Mahkamah Agung AS memutuskan pada hari Selasa bahwa pemerintahan Trump dapat bergerak maju dengan larangan anggota dinas militer transgender untuk saat ini, mengangkat perintah pengadilan yang lebih rendah terhadap kebijakan tersebut setelah seorang hakim memutuskan bahwa itu adalah “kebijakan eksklusif yang tidak didukung, dramatis dan tidak adil secara wajah.”

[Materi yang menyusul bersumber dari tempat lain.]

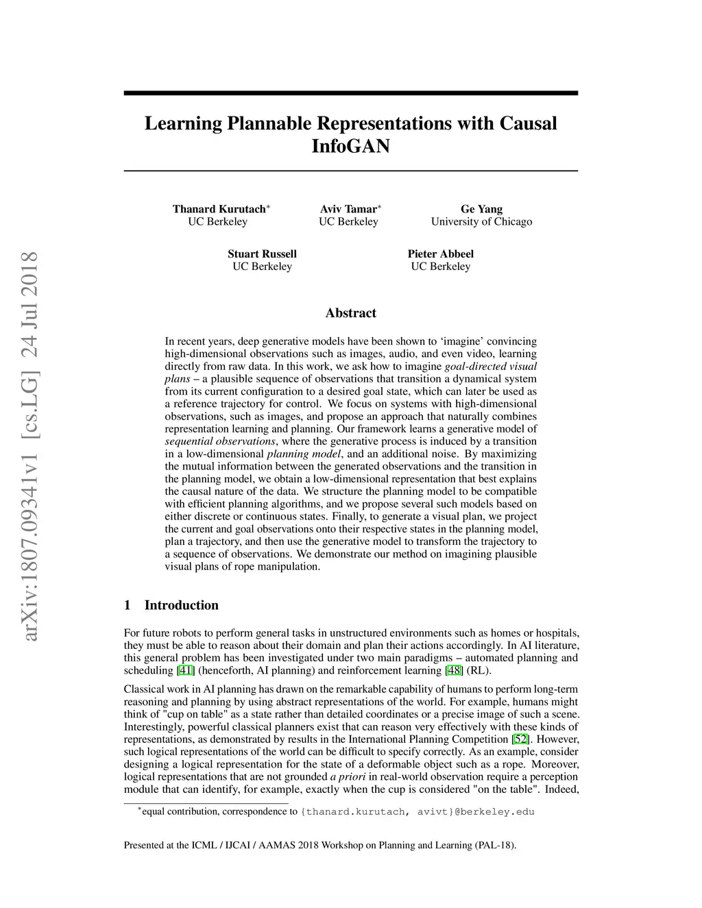In recent years, deep generative models have been shown to ímagine' convincing high-dimensional observations such as images, audio, and even video, learning directly from raw data. In this work, we ask how to imagine goal-directed visual plans -- a plausible sequence of observations that transition a dynamical system from its current configuration to a desired goal state, which can later be used as a reference trajectory for control. We focus on systems with high-dimensional observations, such as images, and propose an approach that naturally combines representation learning and planning. Our framework learns a generative model of sequential observations, where the generative process is induced by a transition in a low-dimensional planning model, and an additional noise. By maximizing the mutual information between the generated observations and the transition in the planning model, we obtain a low-dimensional representation that best explains the causal nature of the data. We structure the planning model to be compatible with efficient planning algorithms, and we propose several such models based on either discrete or continuous states. Finally, to generate a visual plan, we project the current and goal observations onto their respective states in the planning model, plan a trajectory, and then use the generative model to transform the trajectory to a sequence of observations. We demonstrate our method on imagining plausible visual plans of rope manipulation.

Pengadilan tidak menjelaskan keputusannya selain mengatakan perintah itu akan berakhir jika hakim pada akhirnya mengambil kasus tentang jasa dan mengeluarkan putusan yang menimpanya.
Litigasi berlanjut di Pengadilan Banding AS untuk Sirkuit Kesembilan.
Hakim Agung Sonia Sotomayor, Elena Kagan dan Ketanji Brown Jackson mengindikasikan mereka akan menolak permintaan Trump untuk tinggal.
Selama masa jabatan pertama Trump, Pengadilan Tinggi mengambil kursus yang sama, mengangkat perintah terhadap larangan anggota layanan transgender setelah ditantang. Presiden Joe Biden mengakhiri kebijakan dan ribuan anggota transgender militer telah memberikan layanan aktif selama empat tahun terakhir.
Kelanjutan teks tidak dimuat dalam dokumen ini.